▶ The data
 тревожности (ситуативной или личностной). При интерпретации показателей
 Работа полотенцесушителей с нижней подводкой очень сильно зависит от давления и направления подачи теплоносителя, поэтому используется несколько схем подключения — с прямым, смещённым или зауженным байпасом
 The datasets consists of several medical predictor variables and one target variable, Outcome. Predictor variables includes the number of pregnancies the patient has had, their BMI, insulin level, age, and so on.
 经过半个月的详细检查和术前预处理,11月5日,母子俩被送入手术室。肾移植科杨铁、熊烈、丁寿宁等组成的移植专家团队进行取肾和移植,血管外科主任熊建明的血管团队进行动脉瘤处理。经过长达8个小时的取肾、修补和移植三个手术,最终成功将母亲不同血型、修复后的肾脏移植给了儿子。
--
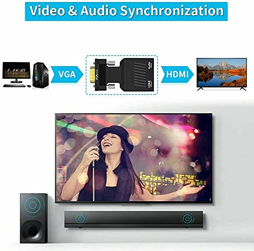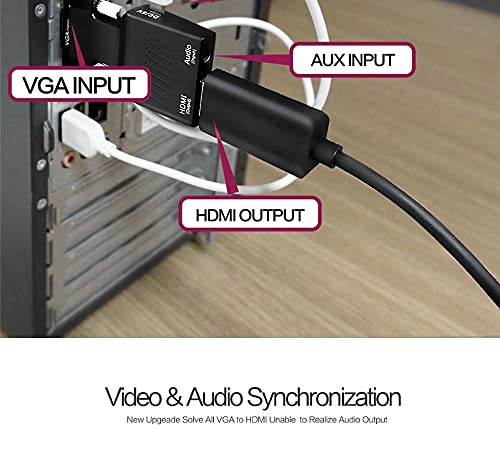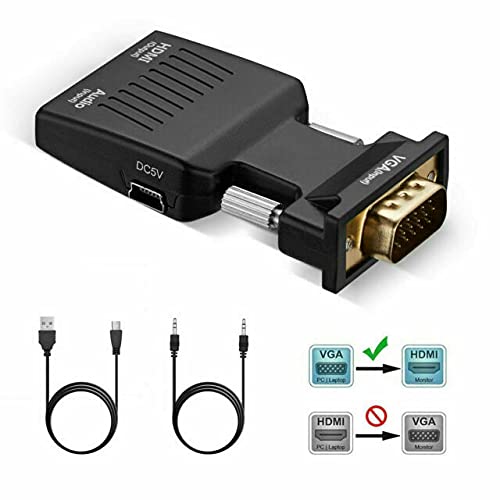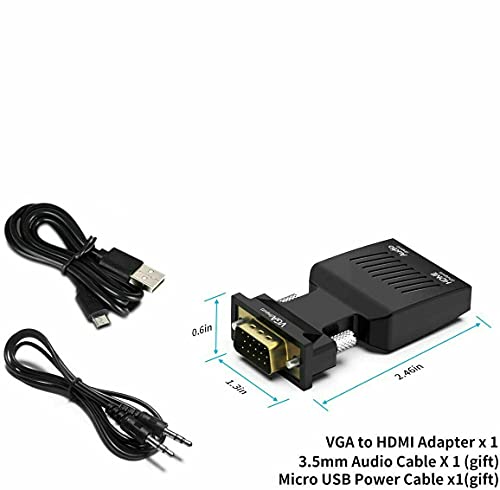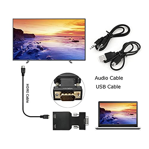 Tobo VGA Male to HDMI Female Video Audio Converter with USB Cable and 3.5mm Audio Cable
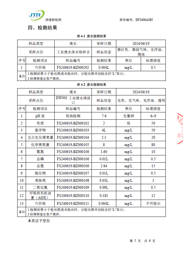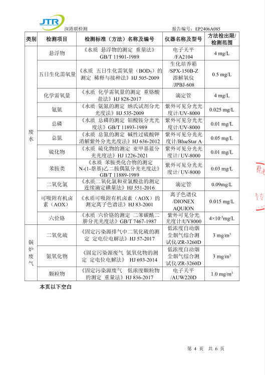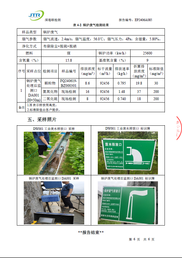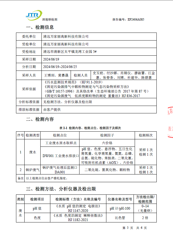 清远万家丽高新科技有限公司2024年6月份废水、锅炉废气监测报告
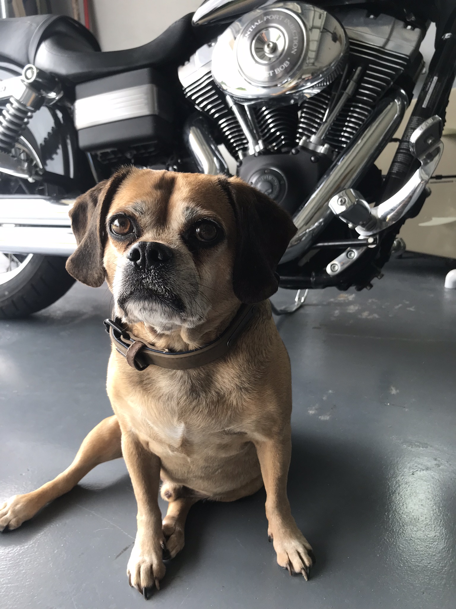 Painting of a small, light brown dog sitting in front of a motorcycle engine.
---
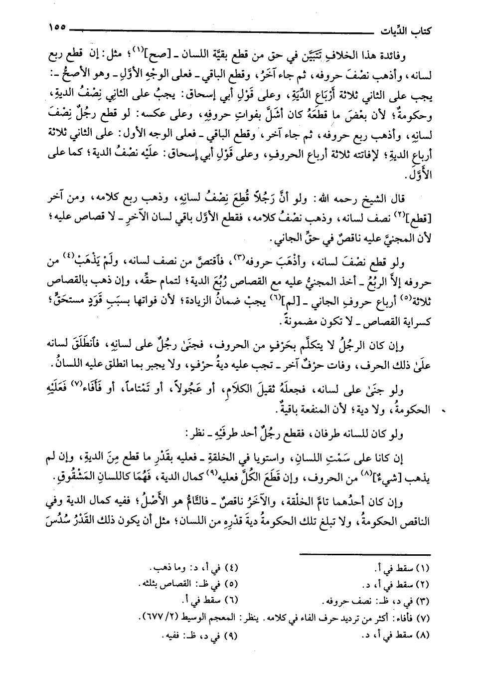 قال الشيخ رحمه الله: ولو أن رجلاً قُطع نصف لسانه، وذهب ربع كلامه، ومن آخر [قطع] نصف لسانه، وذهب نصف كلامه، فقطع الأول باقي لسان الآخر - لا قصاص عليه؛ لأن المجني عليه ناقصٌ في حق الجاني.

▶ Directions for this task
Only the lines above starting with the line with "清远万家丽高新科技有限公司2024年6月份废水、锅炉废气监测报告" and going on through the line with "Painting of a" belong in the answer; repeat them exactly, minus any picture.

▶ Answer section
 清远万家丽高新科技有限公司2024年6月份废水、锅炉废气监测报告
 Painting of a small, light brown dog sitting in front of a motorcycle engine.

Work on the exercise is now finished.